» Dataset section:
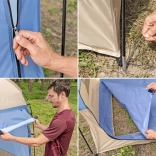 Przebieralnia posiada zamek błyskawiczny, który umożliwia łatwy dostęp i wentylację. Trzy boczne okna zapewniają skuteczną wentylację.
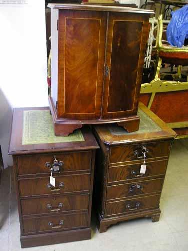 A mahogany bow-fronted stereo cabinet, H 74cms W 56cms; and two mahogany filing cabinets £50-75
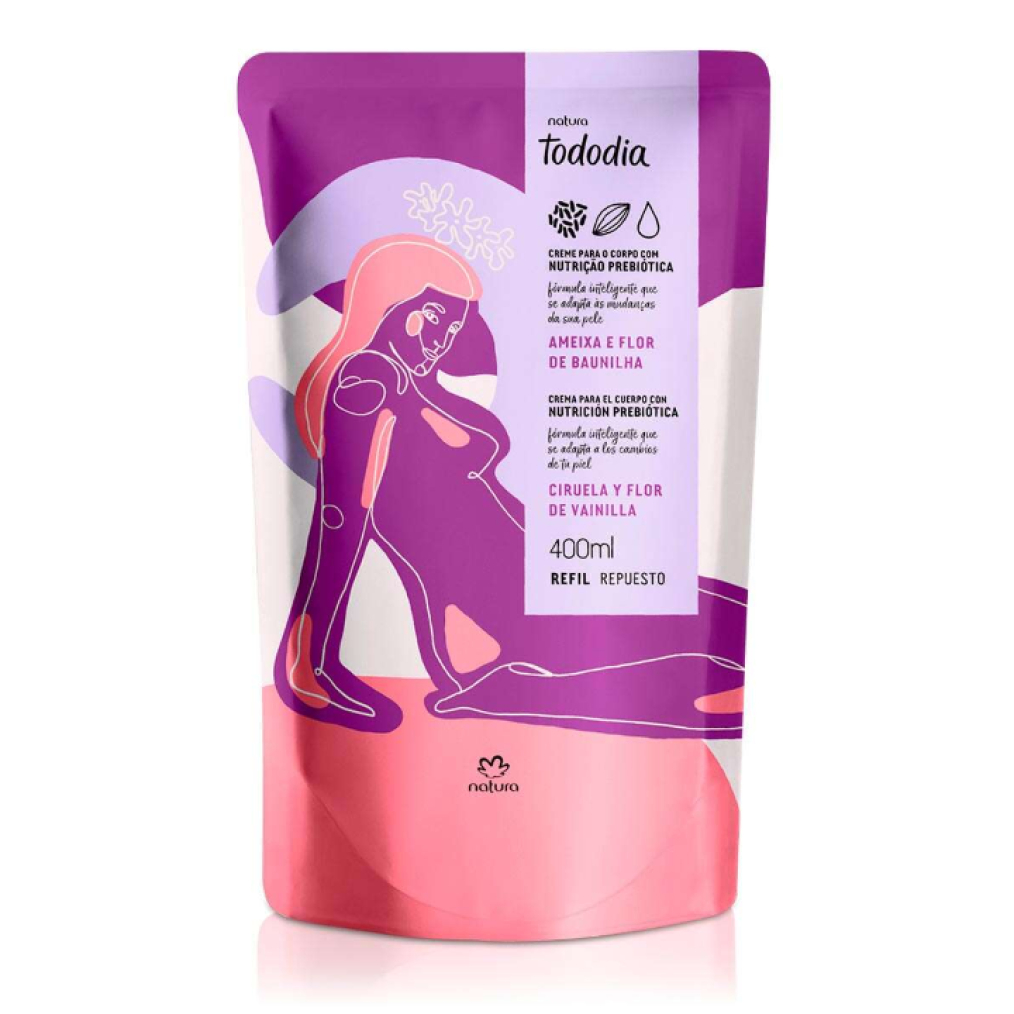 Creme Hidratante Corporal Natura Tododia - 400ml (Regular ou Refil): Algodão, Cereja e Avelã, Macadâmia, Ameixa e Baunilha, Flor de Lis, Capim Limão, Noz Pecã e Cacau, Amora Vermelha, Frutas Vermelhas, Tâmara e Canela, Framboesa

» About this exercise:
The material above must be set down word for word, with no picture carried over.

» Reply to the exercise:
 Przebieralnia posiada zamek błyskawiczny, który umożliwia łatwy dostęp i wentylację. Trzy boczne okna zapewniają skuteczną wentylację.
 A mahogany bow-fronted stereo cabinet, H 74cms W 56cms; and two mahogany filing cabinets £50-75
 Creme Hidratante Corporal Natura Tododia - 400ml (Regular ou Refil): Algodão, Cereja e Avelã, Macadâmia, Ameixa e Baunilha, Flor de Lis, Capim Limão, Noz Pecã e Cacau, Amora Vermelha, Frutas Vermelhas, Tâmara e Canela, Framboesa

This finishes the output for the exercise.